Videro che sulla cima della torre degli Asinelli svettava una grande bandiera bianca e rossa, i Polacchi erano lì. Piazza Maggiore era intasata di gente, era un grande parcheggio di mezzi militari alleati. I bambini volevano salire sui carri armati, le giovane donne arrossivano per come venivano guardate e se venivano invitate a salire su un mezzo, si rifiutavano arrossendo; sapendo che in fondo sarebbero state felici. Le strade erano animate di migliaia di gente, si rideva, si urlava di felicità, si piangeva di gioia. I tre si persero, Angela si fermò con delle amiche, Eugenio conversava con dei soldati e Patrizio ammirava estasiato tutta quella festa. Felice, fino a quando tra la folla non vide l'uomo che l'aveva minacciato. Indossava un cappotto, stava bevendo qualcosa da una tazzina, aveva uno sguardo truce e stava appoggiato davanti un bar pieno di gente e soldati. Squadrava da capo a piedi chiunque gli passava davanti, specialmente i soldati e i partigiani. Poi rientrò nel bar e poco dopo ne uscì per sparire nel bagno di folla.

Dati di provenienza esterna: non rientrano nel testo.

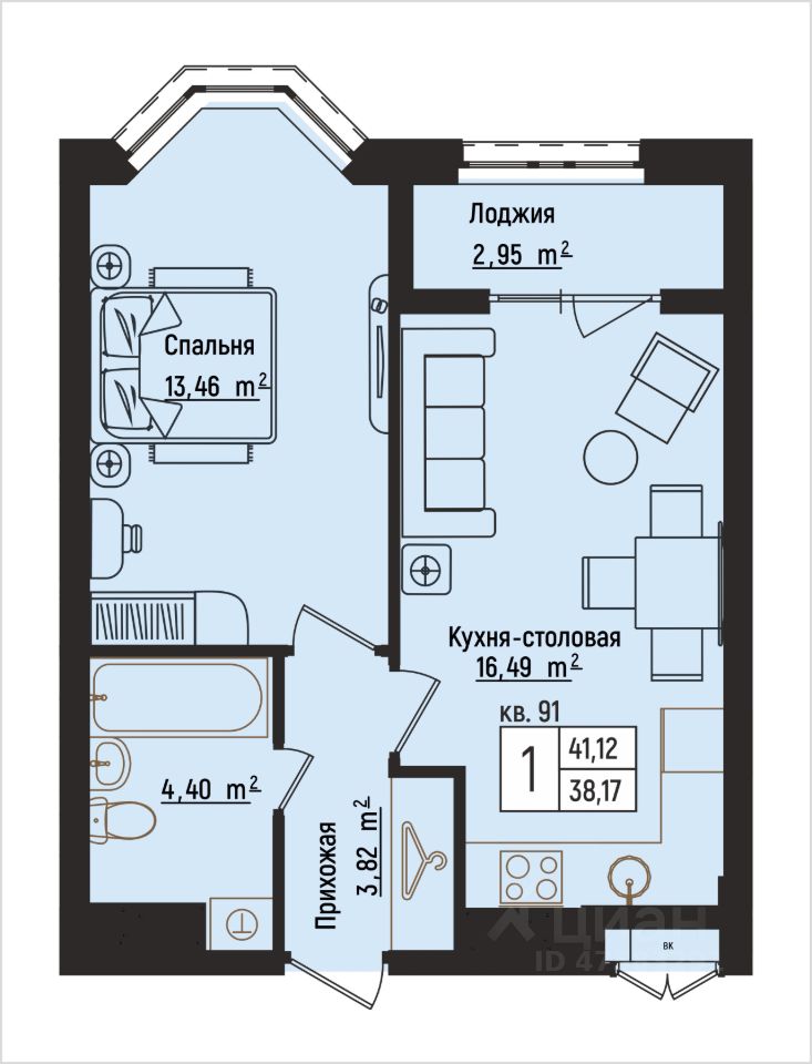 Общая площадь41,12 м²
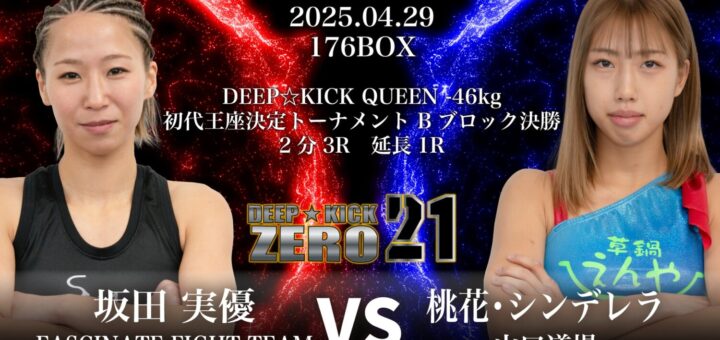 ニュース 2025-03-22 by BOUTREVIEW · Published 2025-03-22 DEEP☆KICK 4.29 大阪 176BOX:百花×花田麻衣、坂田実優×桃花・シンデレラ、女子-46kg初代王座決定戦進出懸け2試合実施
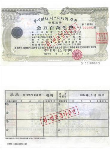 (서울=연합뉴스) 윤선희 기자 = 코스닥 상장사 나스미디어[089600]의 위조 주권이 발견됐다.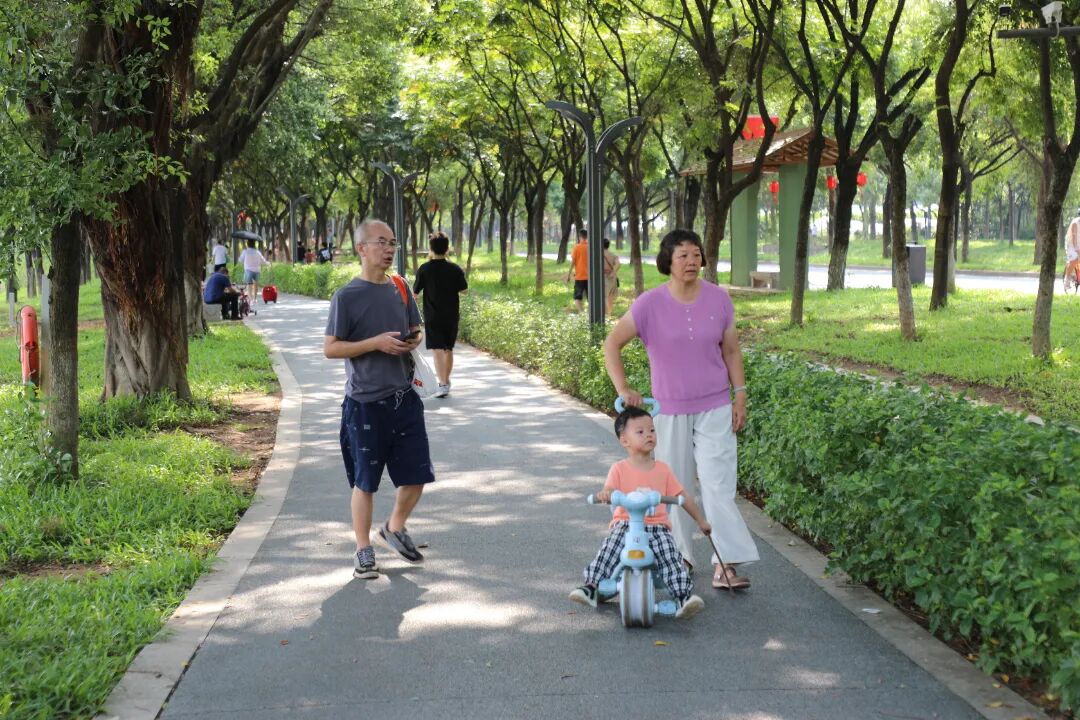走进东坑农业园,阳光透过稀疏的树叶洒下斑驳的光影,园内的小径上,随处可见运动的身影。有慢跑的年轻人,步伐矫健,汗水在阳光下闪烁;有结伴散步的市民,边聊天边散步,脸上洋溢着惬意的笑容。“秋天天气没那么闷热,东坑农业园的空气又好,特别适合出来运动。”正在进行晨跑的李先生说道,“换季的时候人容易犯懒,出来跑跑步,活动活动筋骨,感觉整个人都精神了。”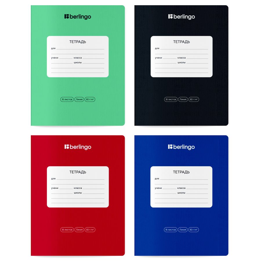 Школьная тетрадь Berlingo серии Classic Pro формата А5 (165*205 мм) на скобе состоит из 18 листов и идеально подходит для письма шариковой, гелевой или капиллярной ручкой.Внутренний блок – офсетная бумага повышенной плотности 80 г/м², белизна – 100%, линовка – линия с полями.Однотонная обложка тетради изготовлена из плотного мелованного картона, имеет стильную рельефную текстуру, с матовым покрытием.Обложка и внутренний блок имеют скругленные уголки.Тетради упакованы в термоусадочную пленку по 10шт.В упаковке представлен микс из 4 цветов: зеленый (3шт), черный (3шт), красный (2шт), синий (2шт). • Количество листов: 18; • Линовка: линия с полями; • Формат тетради: А5 (165*205 мм);• Крепление: скрепка; • Материал обложки: мелованный картон 190 г/м²

A sera ancora si sentiva la festa, non solo nel centro, ma anche in periferia. Dopo la sua visione, Patrizio decise: sarebbe ritornato a Torino.
" Come mai?" gli chiesero i due fratelli che oramai si erano abituati alla sua presenza.
Mentì dicendo che avrebbe tanto voluto ritrovare un lavoro e un'abitazione. Era quasi un mese che si trovava a Bologna e gli mancava Torino. A sera, gli animi della liberazione non si erano ancora placati, Eugenio accompagnò l'amico alla fermata della corriera. "Promettimi che ritornerai" gli disse avvolgendolo in un abbraccio.
"Vorrei che anche tu venissi a Torino" "Magari presto ci sarà occasione"
"Lo spero" disse. Un'attimo prima di salire prese dalla tasca un taccuino rosso, il suo diario.
" Tienilo, leggilo così capirai cosa ho passato" disse prima di sedersi.